To “stitch in the ditch”, or not to “stitch in the ditch”??

Let me back up for just a minute… “Stitch in the ditch” (also referred to as Ditch Stitching) is a catchy name for a simple quilting technique. It is one of those bits of sewing terminology that make beginner quilters look at you like you have 3 heads. I believe my first response was…


Once I show you a picture, you’ll know exactly what I mean. And don’t worry, it isn’t a complicated technique. It is simply making your line of stitches in your quilting in the “ditch” where two fabric pieces meet.

Most quilters I know are divided on this technique 50/50. You either love it or you hate it. There is not much in-between. Don’t ask me why. Some of us are just very opinionated and set in our ways.

We’ll get to my personal opinion in a little bit. First, let’s get to some tips to help you with this technique! It’s time to put your learning caps on!



1. Sit square in front of the sewing machine – This is not rocket science, but it is non-negotiable. I know some of us have tiny makeshift workstations on the corner of our dining tables or are crammed in the guest bedroom somewhere. You need to make yourself some space, even if its temporary.

So get some elbow room and then cozy up to your machine. You will need to be in complete control here.

2. Very closely watch where your needle pierces your fabric. – Your seems are more than likely very straight lines for this quilting technique. You don’t need to be looking ahead to see where you’re going or when that big corner is coming. You need to focus on exactly where you are at this very second in your sewing. Needle to fabric is where your eyes need to be. 

3. Placement of your hands – Any wiggle of your fabric is going to take the stitching out of this very small margin that you are aiming for. You’re going to get a wobble in your perfectly straight line and end up having to get the seam ripper out. So keep your hands engaged on the quilt the.entire.time. No free willy-nilly letting the universe take over. No exceptions.

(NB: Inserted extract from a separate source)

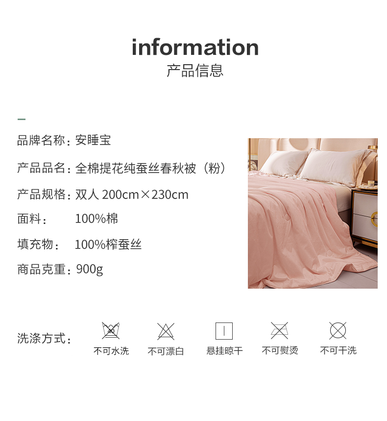 10楼 安睡宝 全棉提花纯蚕丝双人春秋被 吊牌价3299元 活动价799元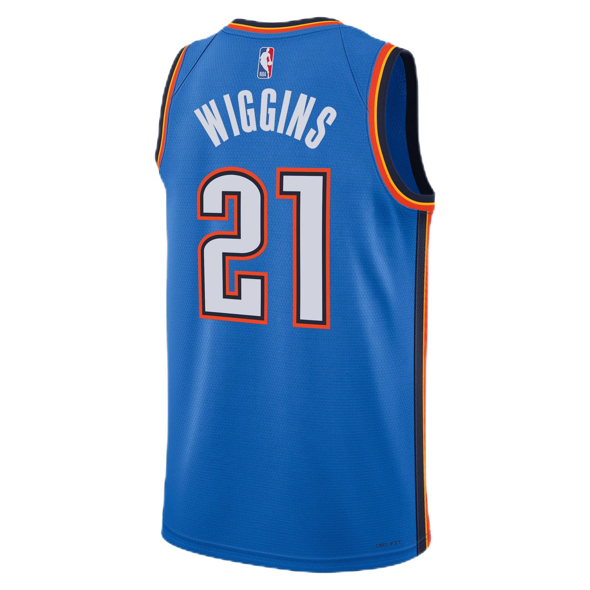 The vibrant blue colorway, accented with bold white and orange details, embodies the team's relentless and modern identity.This jersey is a perfect tribute to Wiggins' all-around game and vital role off the bench, with his iconic #21 prominently displayed. Secure yours today and be a part of the excitement as Wiggins helps the Thunder continue their rise to the top.

So the above picture was not ‘wiggled’ on purpose. I was quilting this piece and I thought I should grab my camera and photograph this process to show you this technique. – I kid you not, I looked away for 2 seconds and BAM. I got off track.

Above and below that wiggle is stitched invisibly even though I’m clearly using black thread. It disappears into the line between the 2 fabrics.

…Just so you know who you are dealing with here… I don’t make mistakes on purpose so I can show you what a less experienced quilter would do… No no… they come completely naturally to me all the time. You’re welcome.

4. Stitching in the ditch is not a race. – Seriously. If you have to go slow to avoid making a mess of things, go slow. You must maintain control if you want to keep your stitches invisible. If your machine has a speed control, USE IT! Better to go slow and get it right than to speed along and have to spend time with the seam ripper later.

6. Pressing matters! – Your seams must all lay flat with no pleating of the seam allowances behind your seam line, no bunching of the fabric. Just pressed beautiful flat seams. Got it? If you hit a bump or a snag when stitching in the ditch, you’ll get a wiggle. We already went over wiggles in step #3. We don’t want them, ok?

6. And finally, take the time to switch your sewing foot to the right one – You’ll hear me say this again and again because I was THAT GIRL in my early quilting days… I never changed the sewing foot on my first machine. Like, EVER. (I know… ugh.)

So now that I know better, I’m going to try to save you from those stupid mistakes. I have been scolded by many women that I look up to so please don’t send me hate mail, ok? Thankfully, I know better now. The right tools make all the difference in your finished product.

This is the foot you want for stitching in the ditch.

See that little bar there in the middle? That shows where your needle will go. Watch it, guide your quilt with it in the middle of your seam and it will be totally golden.